Could be the best mongrel $50 can buy, or a waste of time and feed. 
Why would a dog that can guard livestock & livelihood be $50_,_*did theyband his sack and do the shots themselves* _(otherwise there are a few bucks involved in that)_ Just seems like a ridiculously low price, which always throws up a red flag for me. _(If something seems to good to be true, it usually is)_


----------



## DaniR1968 (May 24, 2008)

That cross should be a good LGD with proper trainer. It could very well be someone that got a puppy thinking they could throw it out with their stock or poultry and have it just know what to do. Or it has turned out to be more dog than they could handle. 
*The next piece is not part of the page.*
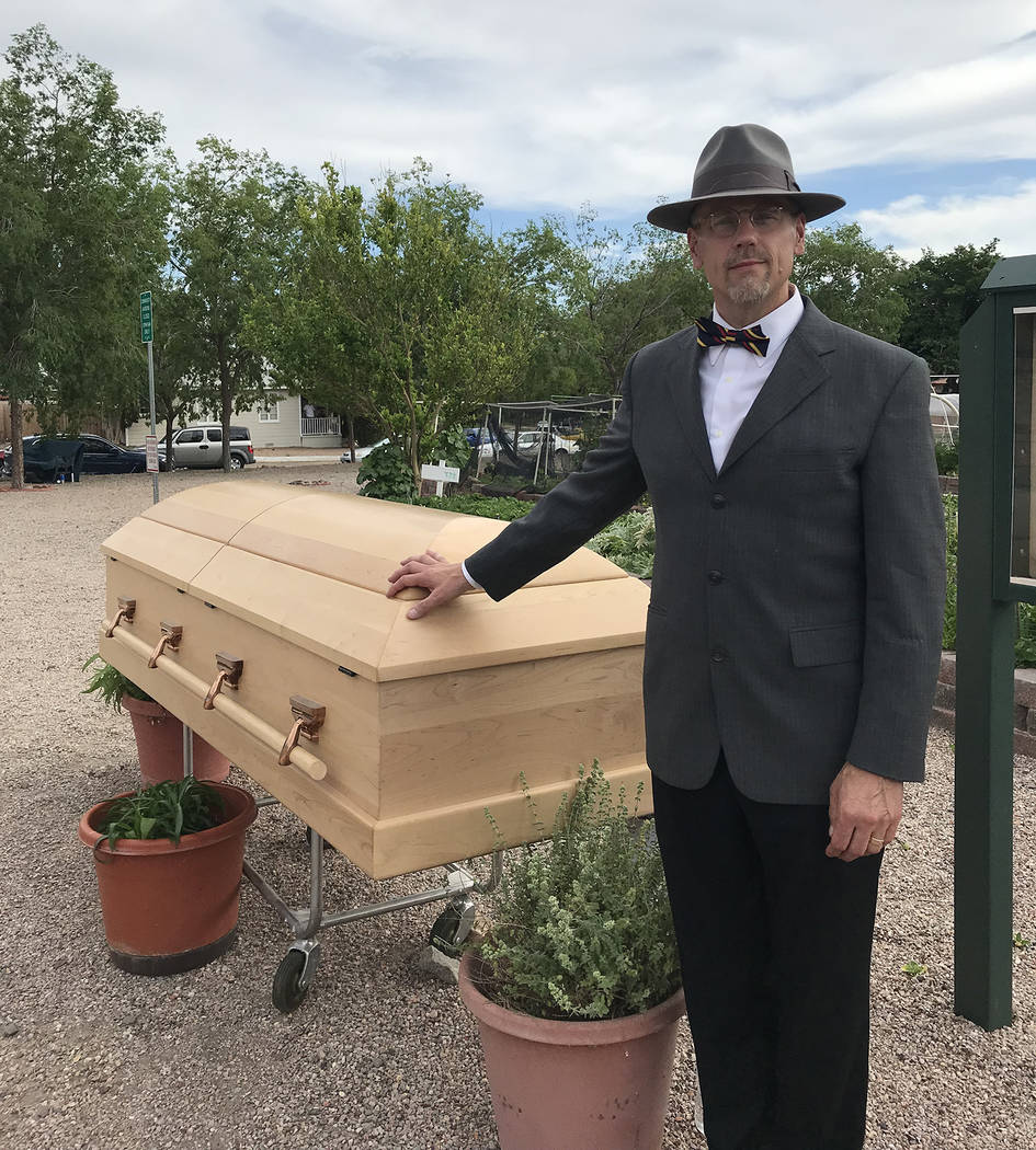 Ray White, author of “Gun Crazy,” a murder mystery presented by the Boulder City History & Arts Foundation on Saturday, April 27, at the old water filtration plant, stands near a coffin prop, lent to the group by Boulder City Family Morturary, while he awaits the next group of audience members to wrap up the tale.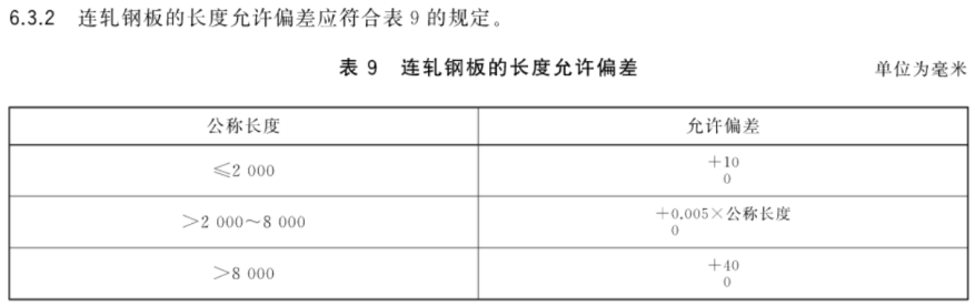 关于连轧钢板长度偏差的修订其实就一点,就是将长度小于2000mm的偏差单独规定为0~+10mm。

I would be VERY tempted to give it a chance. In fact, if it were closer, I would be looking for that ad!


----------



## Pops2 (Jan 27, 2003)

Rock said:


> Aint saying it cant be done, however your questioning and being skeptical would be the direction I would follow.
> Could be the best mongrel $50 can buy, or a waste of time and feed.
> Why would a dog that can guard livestock & livelihood be $50_,_*did theyband his sack and do the shots themselves* _(otherwise there are a few bucks involved in that)_ Just seems like a ridiculously low price, which always throws up a red flag for me. _(If something seems to good to be true, it usually is)_


He's a mixed bred pup, he ain't worth squat until he grows up and proves it. Same way your pups are only worth what people feel the pedigree is worth. Also different working communities are priced different. The PP & PPS community generally pays A LOT more even for mediocre pups than the farming, ranching & hounding community does for well bred pups. 
One the best hog & bear dogs I've ever had was a $50 F1 catahoulaXAmerican bulldog. No pedigree to speak of, and the nimrod "breeder" had no idea his AB would throw 10 pups. So not only did he not have enough takers for the 8 he wasn't planning on keeping but some of those fell through. He resorted to an add in the thrifty nickel. Since he was a junk bred $50 pup I had low expectations but he turned out stellar. By the time he died he was easily a $3000 hog & bear dog and that is a lot of money for a dog whose job tends give them a short life.


----------



## Whisperwindkat (May 28, 2009)

It depends on his background. Has he been around livestock? What kind? Did he come from working parents? There is definitely potential there for a good LGD, but there is also potential that this was a pet bred dog and he is a potential train wreck. If it were me I would ask the questions above and then I might take the chance.


----------



## mekasmom (Jan 19, 2010)

The mix is great. The only thing that would concern me is that someone altered him too young. He will have hip issues.


----------



## Rock (Jan 5, 2009)

Pops2 said:


> He's a mixed bred pup, he ain't worth squat until he grows up and proves it. Same way your pups are only worth what people feel the pedigree is worth. Also different working communities are priced different. The PP & PPS community generally pays A LOT more even for mediocre pups than the farming, ranching & hounding community does for well bred pups.
> One the best hog & bear dogs I've ever had was a $50 F1 catahoulaXAmerican bulldog. No pedigree to speak of, and the nimrod "breeder" had no idea his AB would throw 10 pups. So not only did he not have enough takers for the 8 he wasn't planning on keeping but some of those fell through. He resorted to an add in the thrifty nickel. Since he was a junk bred $50 pup I had low expectations but he turned out stellar. By the time he died he was easily a $3000 hog & bear dog and that is a lot of money for a dog whose job tends give them a short life.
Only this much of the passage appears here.